Mexico’s economic expansion during the 1970s and early 1980s was fuelled by two sources, the increase in oil production and in external borrowing. Oil production went from 178 million barrels in 1970 to 1,003 million barrels in 1982; external debt, secured by projected oil prices of US$60 per barrel, went from US$16 billion in 1975 to US$86 billion.

The dramatic increase in money supply led to corresponding increases in inflation. The euphoria ended with the collapse of oil prices in 1983, and the economic damage was made more severe by the earthquake in Mexico City in 1985.

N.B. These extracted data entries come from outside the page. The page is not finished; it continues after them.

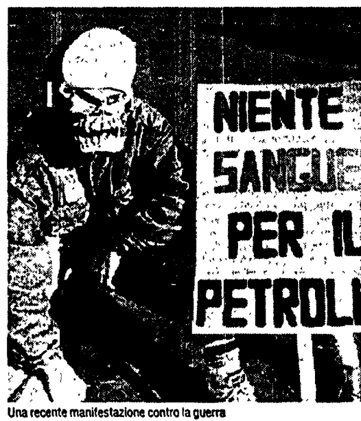
Una recente manifestazione contro la guerra

Sono in circolazione quattro spot, ironici e suggestivi, che invitano all'obiezione di coscienza.
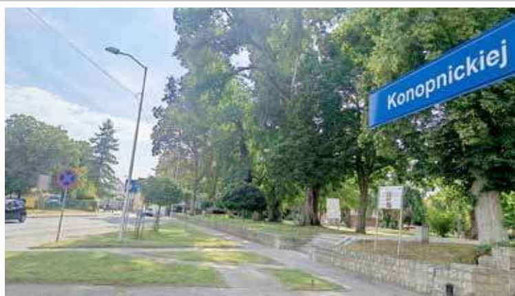
Będzie remont na Konopnickiej

Według dokumentacji przetargowej zakres zamówienia zakłada wymianę nawierzchni jezdni ulicy Marii Konopnickiej w Goleniowie obejmującej odcinek drogi od skrzyżowania z ulicą Szczecińską do skrzyżowania z ulicą Generała W. Andersa o
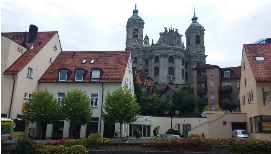
Basilika a Post-tól
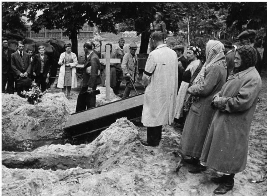
У Львові ховають жертв розстрілів НКВД. Серпень 1941 р.

Протягом першої радянської окупації звіти НКВД неодноразово відзначали напади членів ОУН на тюрми з метою звільнити в'язнів. У ніч з 23 на 24 червня 1941 р. відбувся напад на тюрму № 1, що спричинив втечу групи арештантів. Весь особовий склад тюрми разом із конвойною ротою, що несла зовнішню охорону в'язниці, покинув місто за наказом Військового штабу і через 4 години повернувся назад. За цей час бойовики ОУН напали на приміщення тюрми та звільнили, за різними даними, від 220 до 362 осіб (автор статті ознайомився з чотирма звітними документами НКВД про ці події, в кожному з них фігурують різні дані). Згідно з «Доповідною про службову діяльність 233-го полку Конвойних військ НКВД за період з 22.6.41 до 29.7.41»: «[...] під час відходу зі Львова в 2-ге, тобто 24.6.41, одночасно розпорядженням начальника УНКВД було знято з тюрми наглядацький склад, а також військову охорону полку. В'язні, залишені в тюрмі № 1, що мала більше 3 000 з/к, зламали камери та здійснили масову
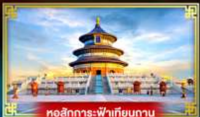
หอสีกการะฟ้าเทียนถาน
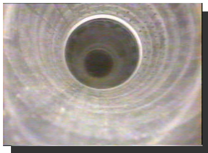
ケーシング接合状況
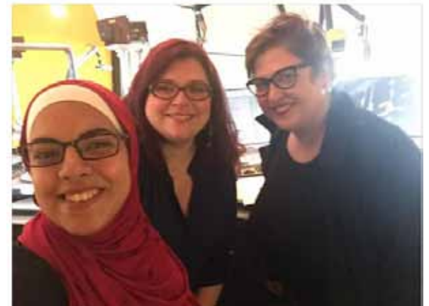
Take The Cake: Fat Babes In Vienna
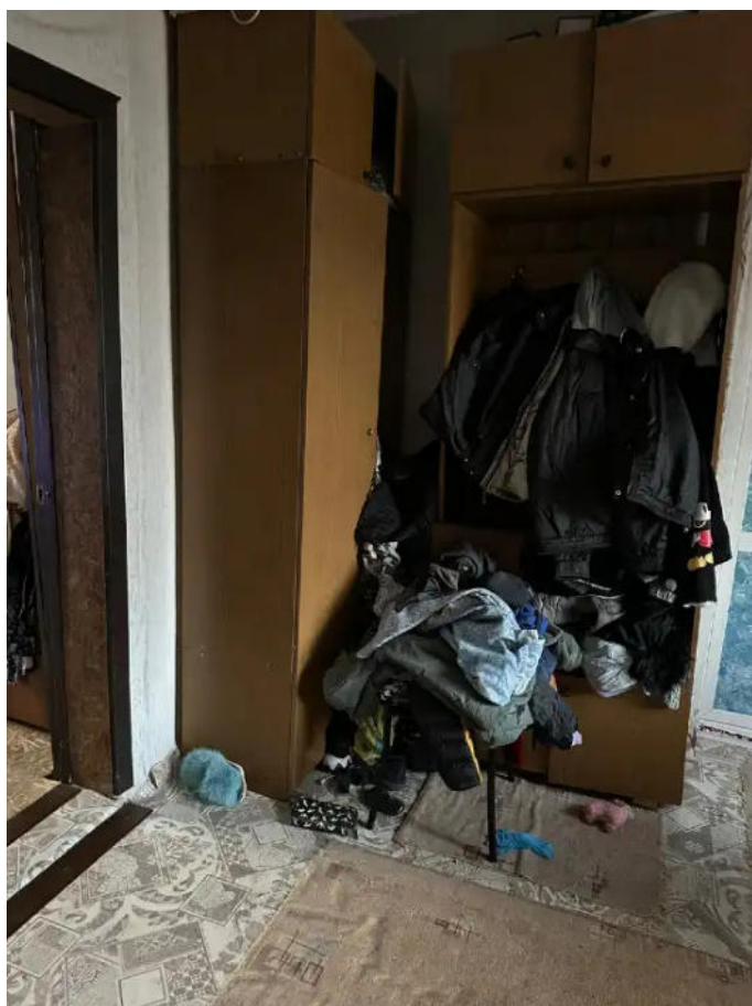
Фото №3. Общий вид
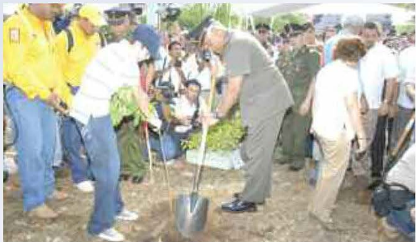
Con apoyo de la sociedad-civil la Campaña de Reforestación fue un éxito.

En el mes de julio de 2007 los titulares de las Secretarías de la Defensa Nacional, del Medio Ambiente y de la Comisión Nacional Forestal signaron el documento denominado "bases de colaboración para la
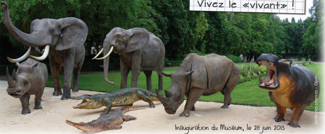
Inauguration du Muséum, le 28 juin 2013
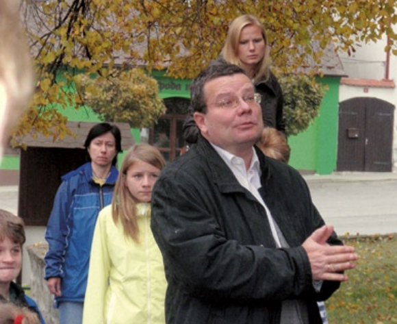
Slavnostního odhalení se mj. zúčastnil i Alexander Vondra.

Sychravé počasí ani připomínka smutných událostí našich dějin neodradila místní obyvatele a odhalení desek se v hojném počtu zúčastnili. Osud bývalých židovských sousedů jim není lhostejný. Snad se památníky stanou nejen trvalou připomínkou holocaustu, ale také mementem do budoucna.
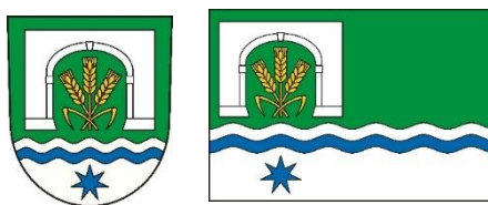
Figura trojice zkřížených obilných klasů s listy v bráně do dvora podtrhuje historicky zemědělský ráz Radčic. Stylizovaná brána do dvora připomíná historickou selskou zástavbu, která je pro Radčice typická, a která generovala vznik vesnické památkové zóny v Radčicích.

Figura hvězdy je volně inspirována prvním polem čtvrceného znaku kláštera Plasy, v jehož majetku se ves uvádí ve 14. a 15. století. Současně je hvězda jedním z atributů Panny Marie a připomíná tak kapličku na návsi. Ve znaku Plaského kláštera je hvězda šestihrotá, ovšem v návrhu znaku a vlajky městského obvodu Plzeň 7 - Radčice je hvězda modifikována do podoby sedmihroté hvězdy, když počet 7 hrotů koresponduje s číselným označením městského obvodu „Plzeň 7“.
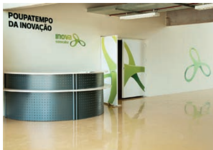
POUPATEMPO. Empresário terá um espaço onde irá receber assessoria para inovar
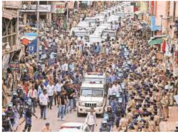
Minister Harsh Sanghavi leads a route march ahead of the Jagannath Rath Yatra; (below) Paramotoring trial at the GMDC ground for surveillance during the procession. Nimral Harindran

“On June 29 at 8 am, idols of Lord Jagannath, Subhadra and Baldev will enter the garbh guruh (sanctum sanctorum) and then after pooja ceremony, the idols will be blindfolded as per ritual. Then at 9:30 am on Wednesday, Gujarat BJP President CR Paatil will attend a flag hoisting ceremony at the temple premises and later, former deputy CM Nitin Patel will honour the saints,” said
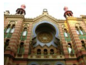
Synagoga Jubileuszowa w Pradze
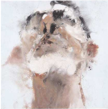
Philippe Cognée, Autoportrait III , 2001, encaustique sur toile marouflée sur bois
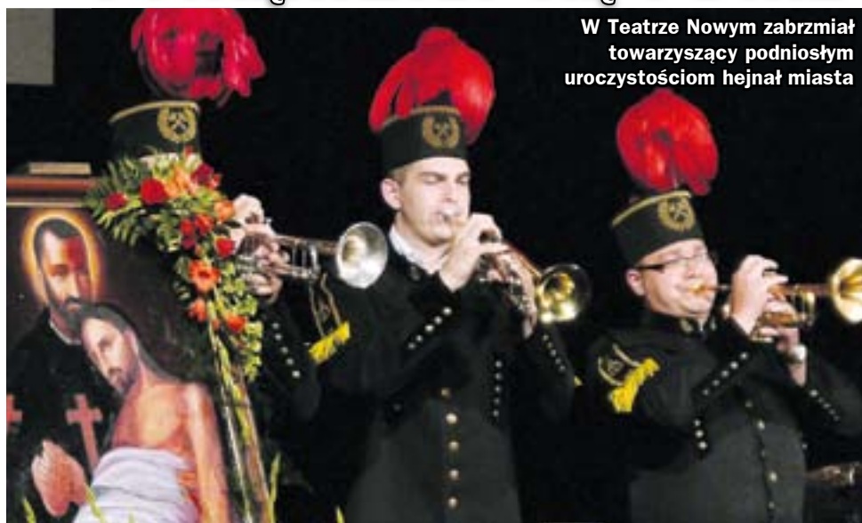
W Teatrze Nowym zabrzmiał towarzyszący podniosłym uroczystościom hejnał miasta
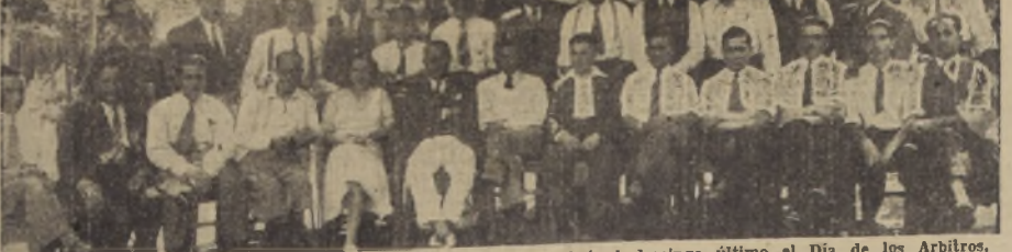
Asistente a la manifestación con que la Asociación Santiago celebró el domingo último el Día de los Árbitros, en la Quinta Errazo, de Peñalón.

Economic recovery has been prompted by the severe austerity measures that began to be imposed in 1986, the control of inflation and the reduction of state involvement in the industrial sector of the economy. Since 1986, Mexico’s growth of GDP has slowly increased and was estimated at a positive 3% in 1989.

Throughout the economic expansion in the post-Second World War period, a relatively good balance between various sectors of the economy has been maintained. The agricultural, manufacturing and extractive sectors were greatly expanded and modernized. Large investments were made in basic infrastructure involving electric power generation, transportation and communications.

Mexico has a diversified agricultural sector and is an important producer of many agricultural products. Mexico’s equally diversified industrial base includes the second largest steel and ferroalloy industry in Latin America, basic metals and metal products, industrial chemicals, cement, petroleum products, textiles, and transport equipment and other machinery. — From “The Mineral Economy of Mexico,” U.S. Department of the Interior, Bureau of Mines, Washington, D.C.